Let’s face it, applying for a mortgage can be complicated and confusing – even when you’re applying jointly with a partner, friend, or family. This speaks volumes as to how challenging it can be when applying solo.
The issue mainly arises because your application is dependent on one income rather than two. The loan income you’re after just might not be covered with your salary.
But, you know what they say – nothing is impossible. And while this is a hiccup, there are always ways to beat the odds. Play your cards right, and not only will you be successful at scoring a mortgage, but you might also get an excellent interest rate.
Alright, let’s jump right into the tips.
1. Maintain a Good Credit Score
Having good credit is a life essential, but it becomes all the more important when you’re applying for a loan.
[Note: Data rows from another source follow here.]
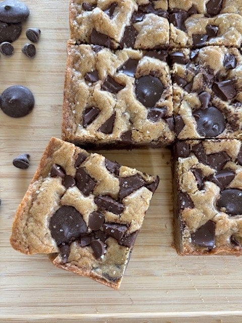Baking Powder: Just a touch of baking powder gives a little bit of lift so these blondies stay fudgy, not cakey nor dense, gummy, or gooey.
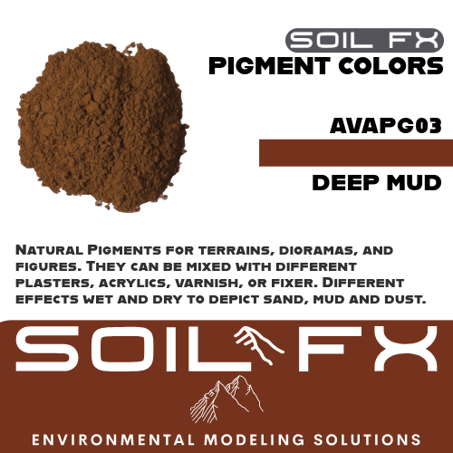 Natural Pigments for terrains, dioramas, and figures. They can be mixed with different plasters, acrylics, varnish, or fixer. Different effects wet and dry to depict sand, mud and dust.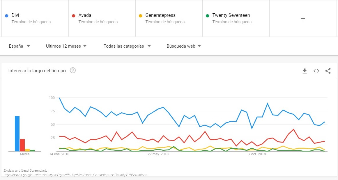 Y mira ahora la tendencia de búsquedas de Divi comparado con otros temas de WordPress según Google Trends. Como verás las tendencias demuestran que Divi es el tema de WordPress que más interés despierta, solo seguido de Avada y ya muy de lejos otros como GeneratePress o Twenty Seventeen.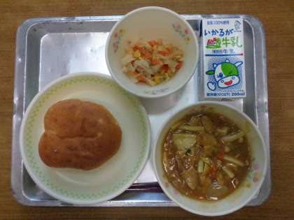 1月19日の給食は「おさつパン、牛乳、カレーうどん、大根サラダ、塩麹ドレッシング」でした。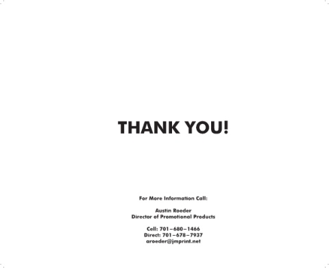 THANK YOU! For More Information Call: Austin Roeder Director of Promotional Products Cell: 701-680-1466 Direct: 701-678-7937 aroeder@jmprint.net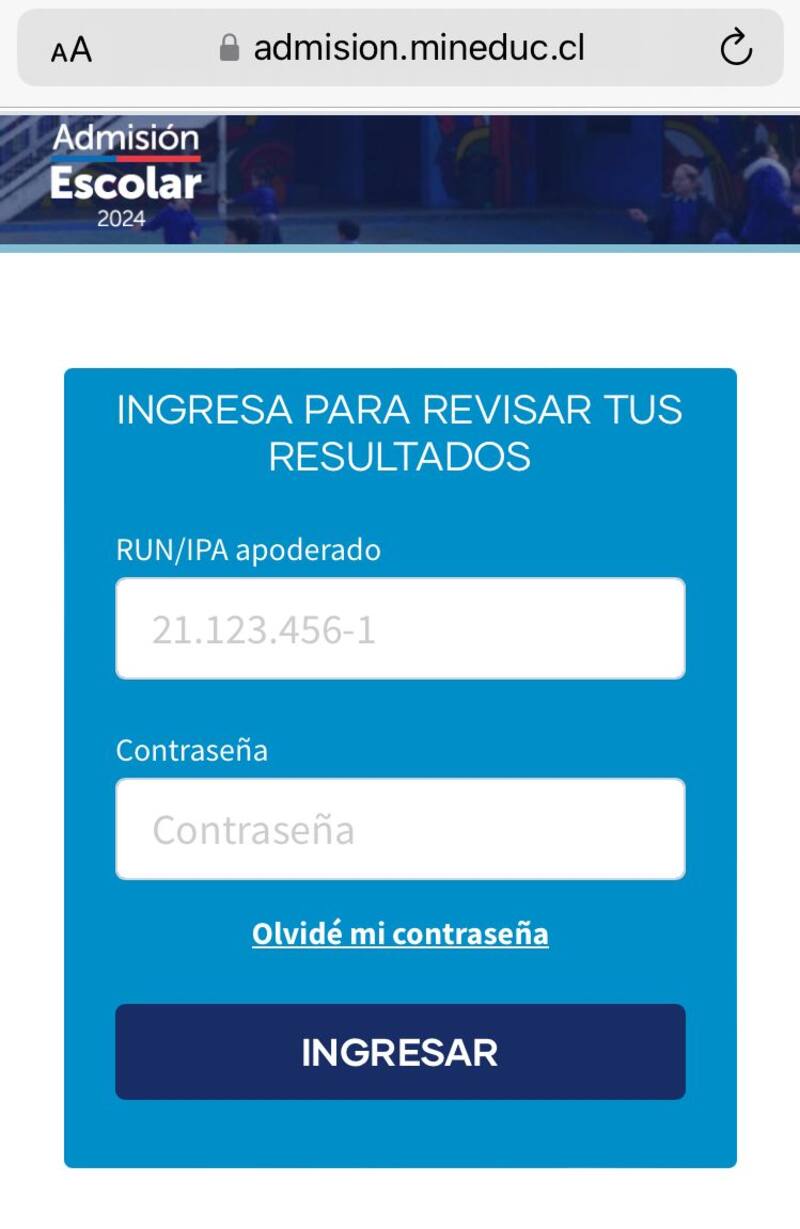 Los resultados de las listas de espera al Sistema de Admisión Escolar 2024 están disponibles en la página del Mineduc, en donde se debe ingresar el RUN o Identificador Provisorio del Apoderado y contraseña.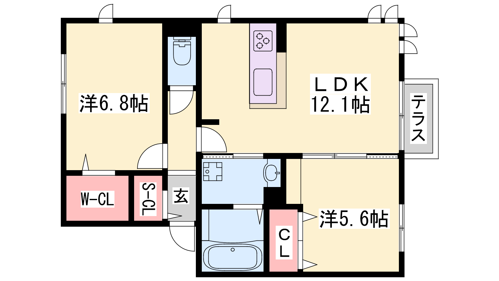 - LDK12.1帖、洋室6.8帖、洋室5.6帖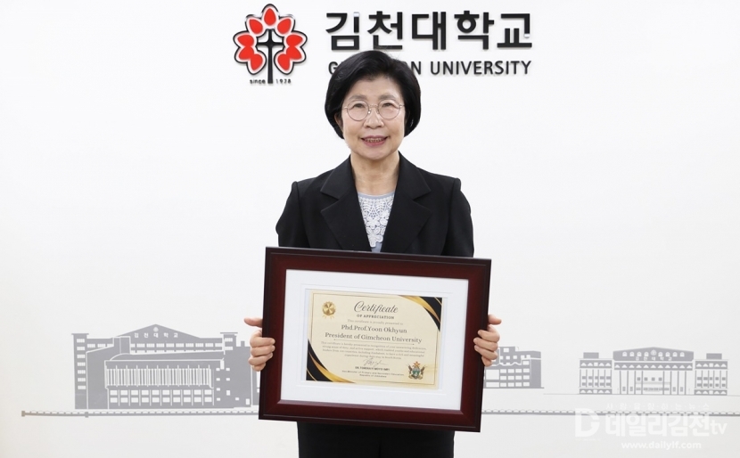 김천대학교 윤옥현 총장이 아프리카 짐바브웨 교육부 장관 표창을 수상했다. 이번 수상은 글로벌 투어 프로그램을 적극 지원하고 성공적으로 이끈 공로를 인정받은 것이다.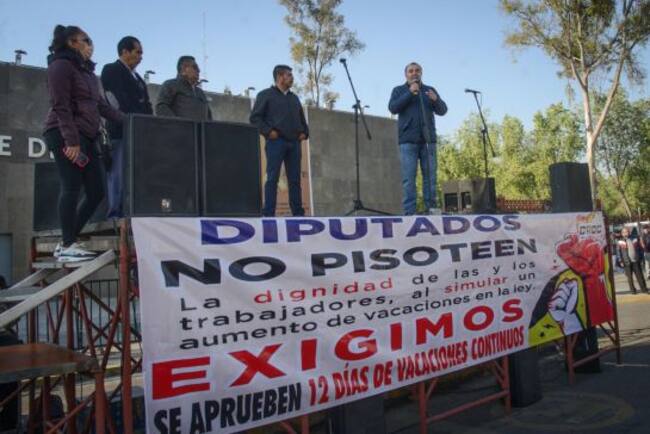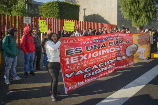 Protestan por los cambios que realizaron los legisladores a la minuta sobre "vacaciones dignas", y que aprobó la Comisión del Trabajo en San Lázaro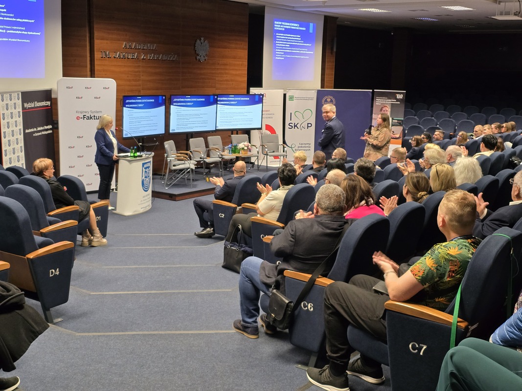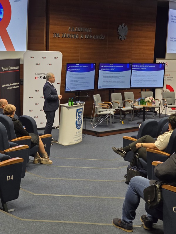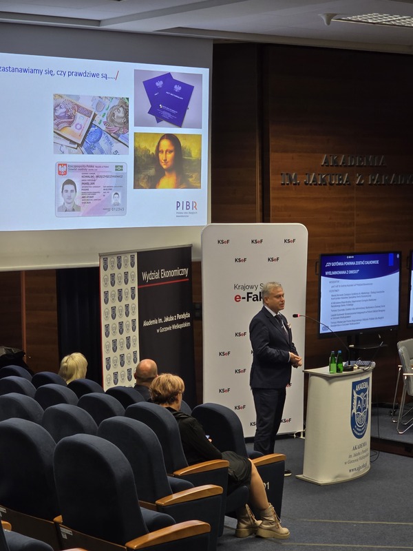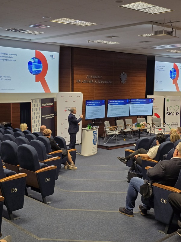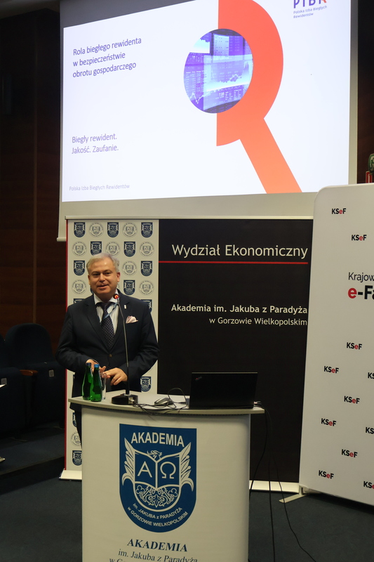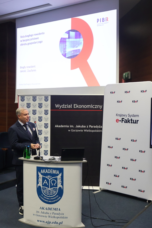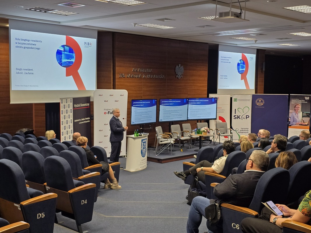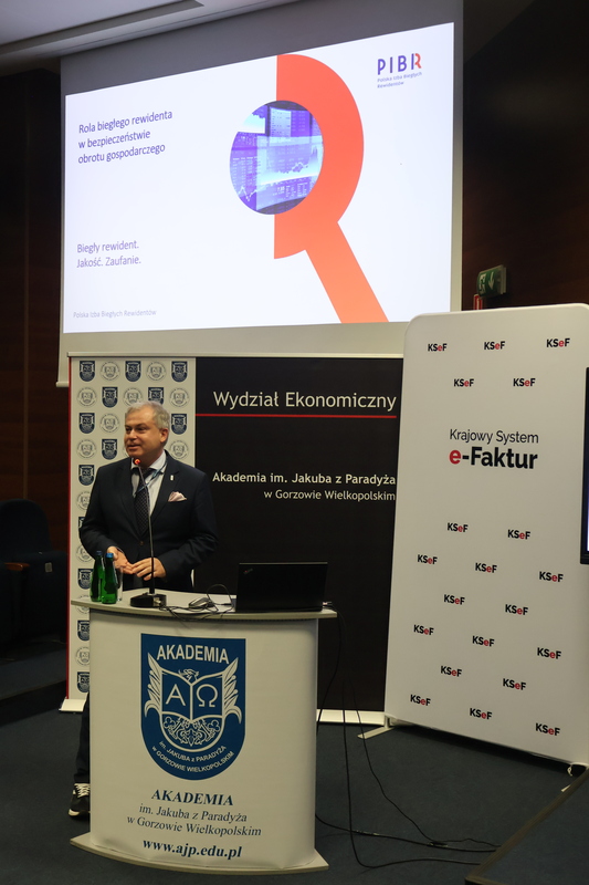 Podczas konferencji, Prezes Krajowej Rady Biegłych Rewidentów Kamil Jesionowski, przedstawił wykład o temacie „Rola biegłego rewidenta w bezpieczeństwie obrotu gospodarczego”.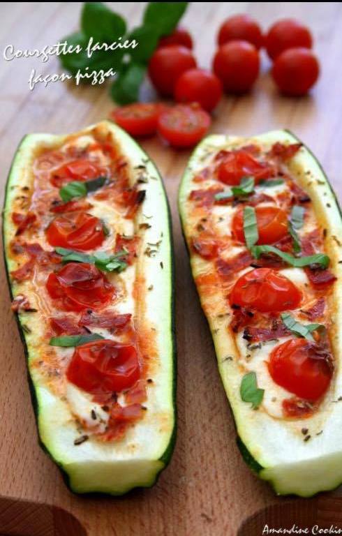 Déposez dans le creux de chaque moitié des courgettes,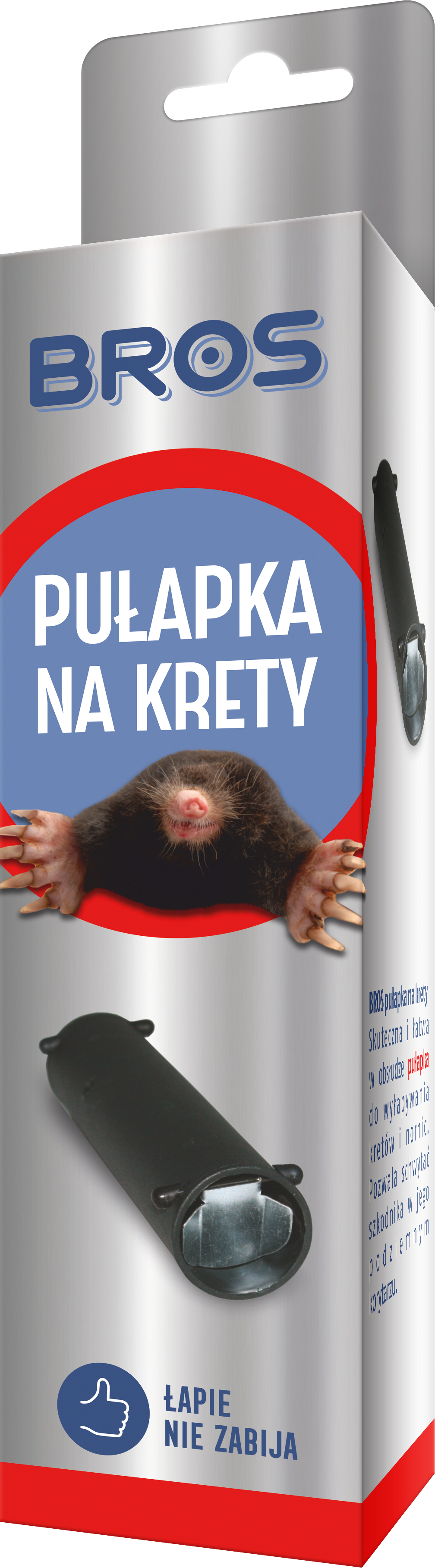 Urządzenie do wyłapywania kretów i nornic. Plastikową rurkę należy umieścić w tunelu między dwoma kopcami. Po wejściu kreta do wnętrza umieszczona w rurce zapadka uniemożliwia mu opuszczenie pułapki.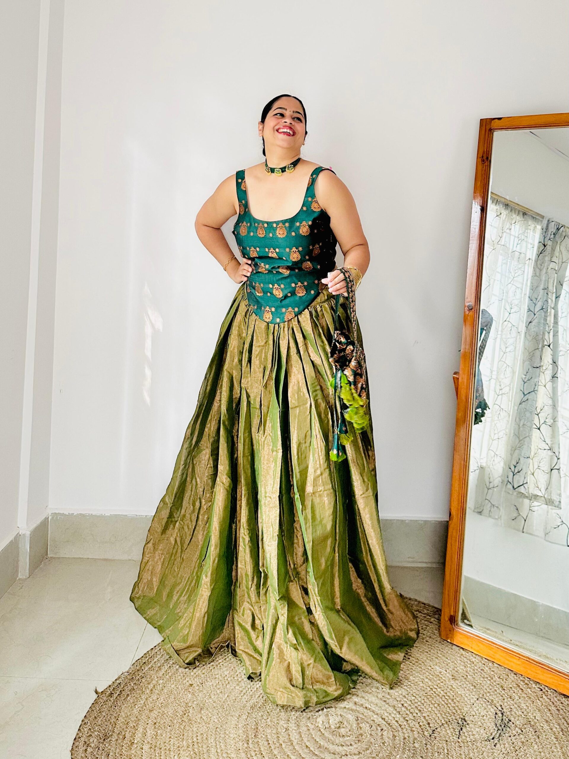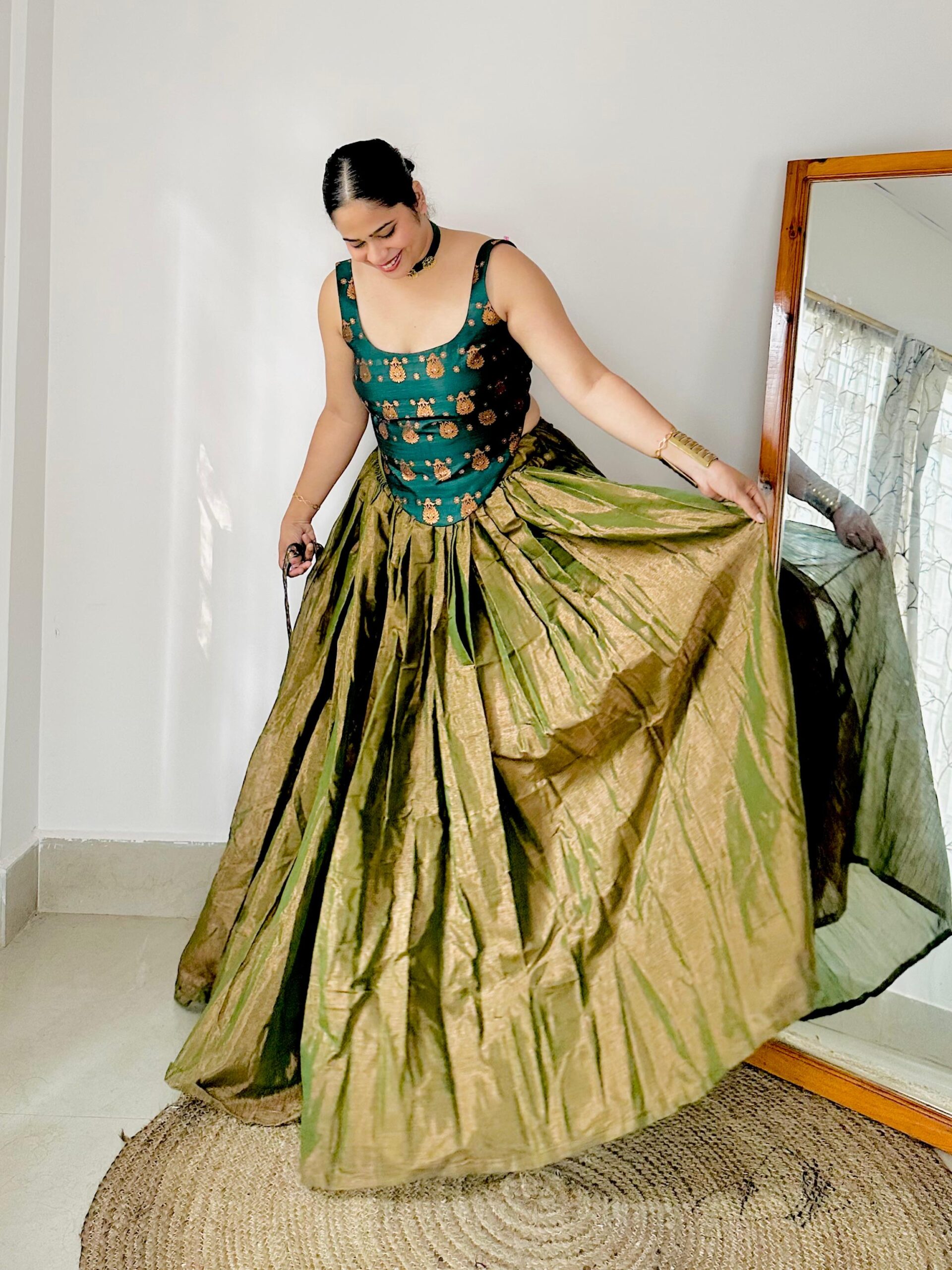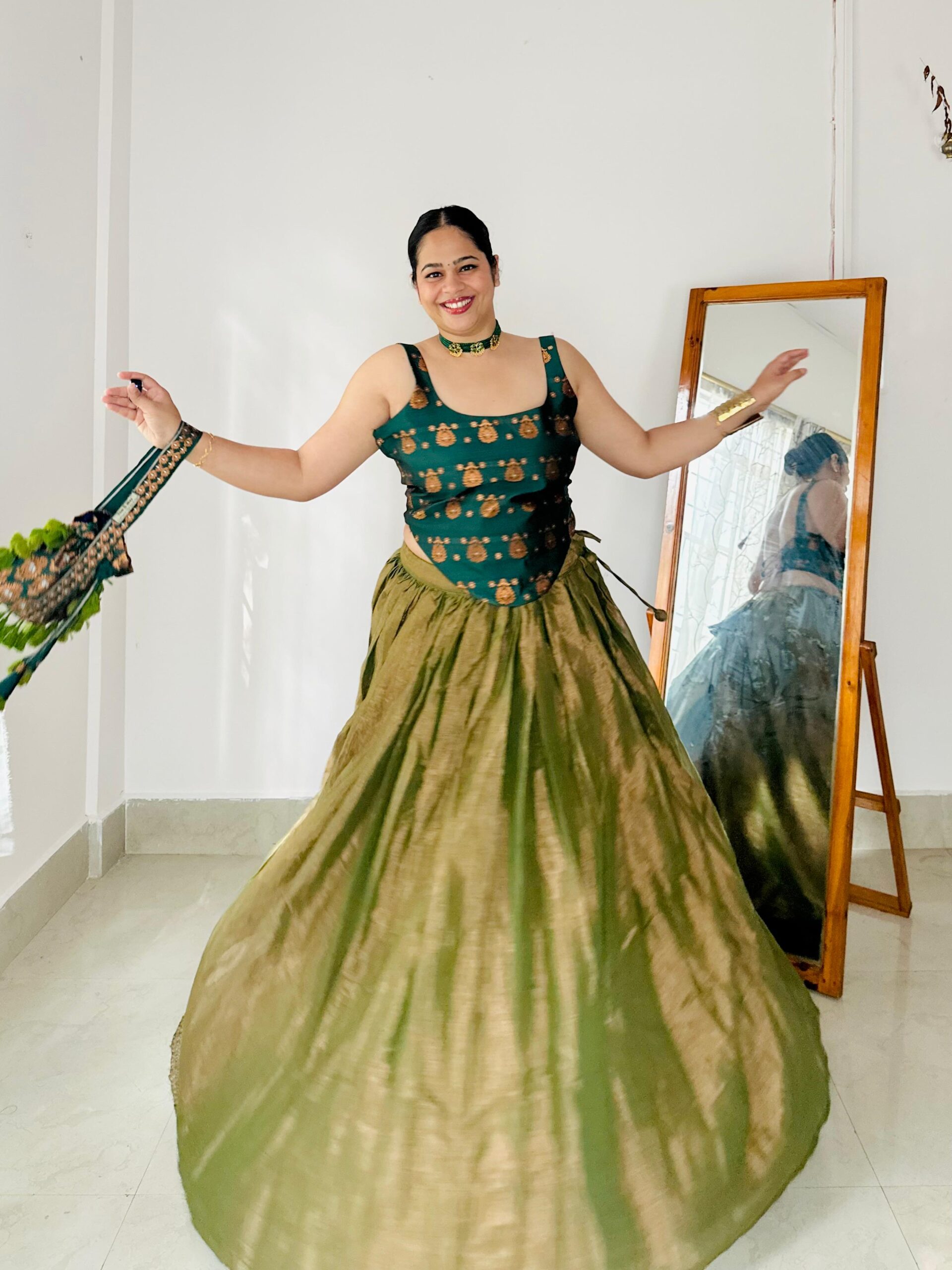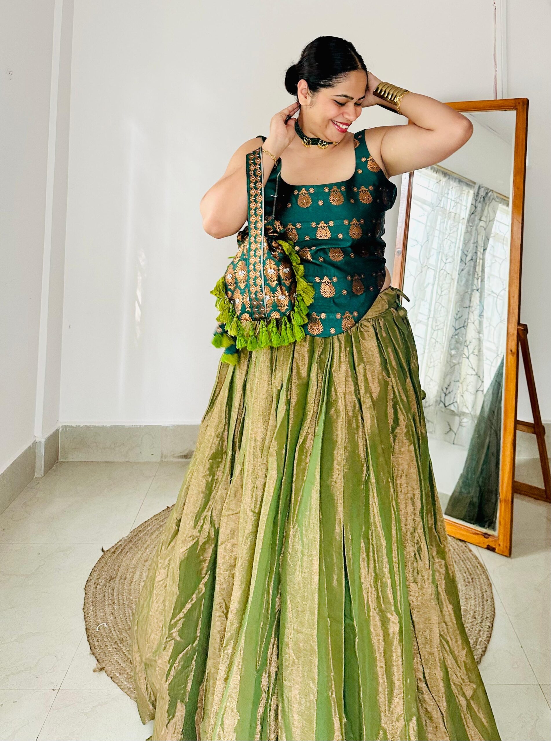 This Zari Tissue Handloom Full-Flared Skirt is crafted in a rich golden-green hue, offering a graceful flow and elegant sheen. Designed without ken-ken, the skirt retains a natural fall and lightweight comfort. A versatile statement piece suitable for festive and special occasions.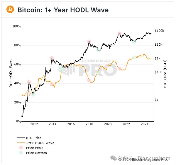 从历史上看,这一指标在牛市期间会下降,因为长期持有者会抛售;在熊市期间,长期持有者会增持,这一指标会上升。下图强调了这种行为,红色圆圈表示周期高峰,绿色圆圈表示底部。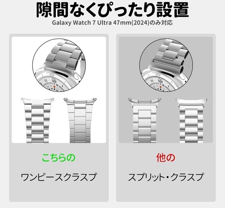 【対応機種】この隙間ないの金属ステンレス スチール バンドはGalaxy Watch Ultra 47mm(2024/2025)のみ対応。★ご注意:Galaxy Watch 7/6/5/4 44mm 40mm、Galaxy Watch FE、Galaxy Watch 6 Classic 47mm 43mm、Galaxy Watch 5 Pro 45mm、Galaxy Watch 4 Classic 46mm 42mm、Galaxy Watch Active 2/Active 44mm 40mmには対応していません。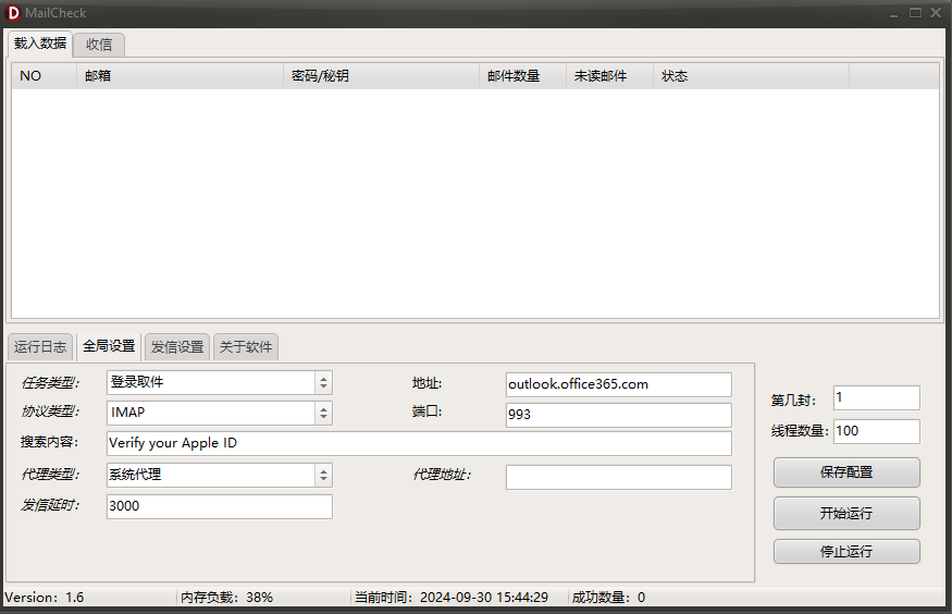 1. 登录取件:MailCheck1.6支持批量登录微软邮箱,简化了多账号管理的复杂性,方便用户对多个邮箱进行统一操作和管理。

For a conventional home loan, applicants generally need a credit score of 620. However, since you’re applying solo, lenders will want to see just how good you can do. Aim for a score in the 700s or above.
If you can pull off mid-700s or higher, you’ll get the best rates out there. Remember that the higher your credit score, the lower your interest rate, meaning you’ll have an easier time paying your monthly installment. If your credit needs some work, check your credit reports for errors, get rid of whatever debt you might have, and pay your bills on time.
2. Clear Your Debts
Are you aware of your debt-to-income ratio? When applying for a loan, lenders will measure your existing debt against your income. The ideal situation for this is having no debt at all before applying.
If that’s not possible, aim to keep it as low as possible. When approving a loan, lenders just need the confidence that you can pay it back, and existing debts are just going to shatter that confidence.
3. Calculate How Much You Can Afford
It’s normal to get carried away when getting your own property but, you can’t let excitement get the best of you. Before applying for a loan, pull out a mortgage calculator to see how much you can afford on your salary.
Moreover, the general rule for such situations is to keep your mortgage payments at or below 30% of your after-tax salary. Of course, adjustments in the formula are understandable, depending on your living expenses.
Wrapping It Up
It’s absolutely true that people applying for a mortgage jointly have an added advantage. But, just because something’s unconventional doesn’t mean you shouldn’t try your hand at it. Use these tips to land that mortgage loan and inspire others around you to do the same!